It discussed the principles of congestion control (e.g., the sliding
window algorithm, AIMD, conservation of packets), and their realisation
in TCP Reno. It reviewed the choice of TCP initial window, slow start,
and the congestion avoidance phase, and the response of TCP to packet
loss as a congestion signal.
The lecture noted that TCP Reno cannot effectively make use of fast
and long distance paths (e.g., gigabit per second flows, running on
transatlantic links). It discussed the TCP Cubic algorithm, that
changes the behaviour of TCP in the congestion avoidance phase to
make more effective use of such paths.
And it noted that both TCP Reno and TCP Cubic will try to increase
their sending rate until packet loss occurs, and will use that loss
as a signal to slow down.

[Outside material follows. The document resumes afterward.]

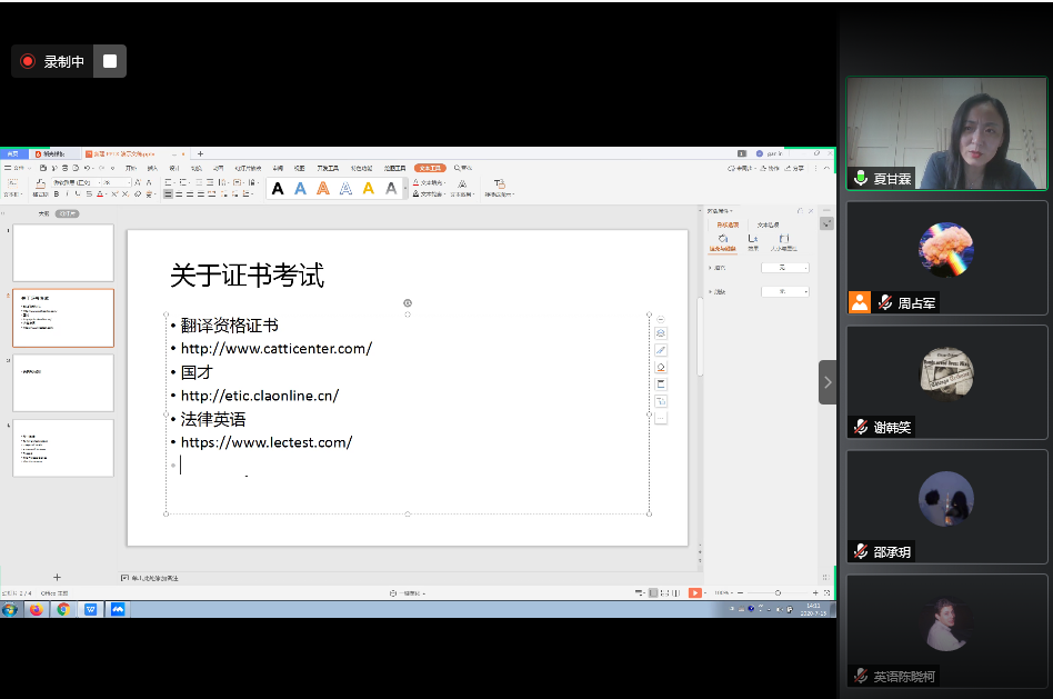 为增强英语专业学生对翻译职业资格考试的了解,7月15日下午,语言文化学院召开了2019级英语专业翻译学习动员会,夏甘霖副院长担任此次动员会的主讲人。2019级英语专业全体学生及俄语、汉语和汉语国际教育专业部分学生线上参加会议。

The fills the in-network queues at routers
on the path, causing latency.
The lecture briefly discussed TCP Vegas, and the idea of using delay
changes as a congestion signal instead of packet loss, and it noted
that TCP Vegas is not deployable in parallel with TCP Reno or Cubic.
It highlighted ongoing research with TCP BBR to address some of the
limitations of TCP Vegas.
Finally, the lecture highlighted the possible use of Explicit Congestion
Notification as a way of signalling congestion to the endpoints, and of
causing TCP to reduce its sending rate, before the in-network queues
overflow. This potentially offers a way to reduce latency.
Discussion will focus on the behaviour of TCP Reno congestion control,
and of understanding how this leads to increased latency. It will discuss
the applicability and ease of deployment of ways of reducing that latency.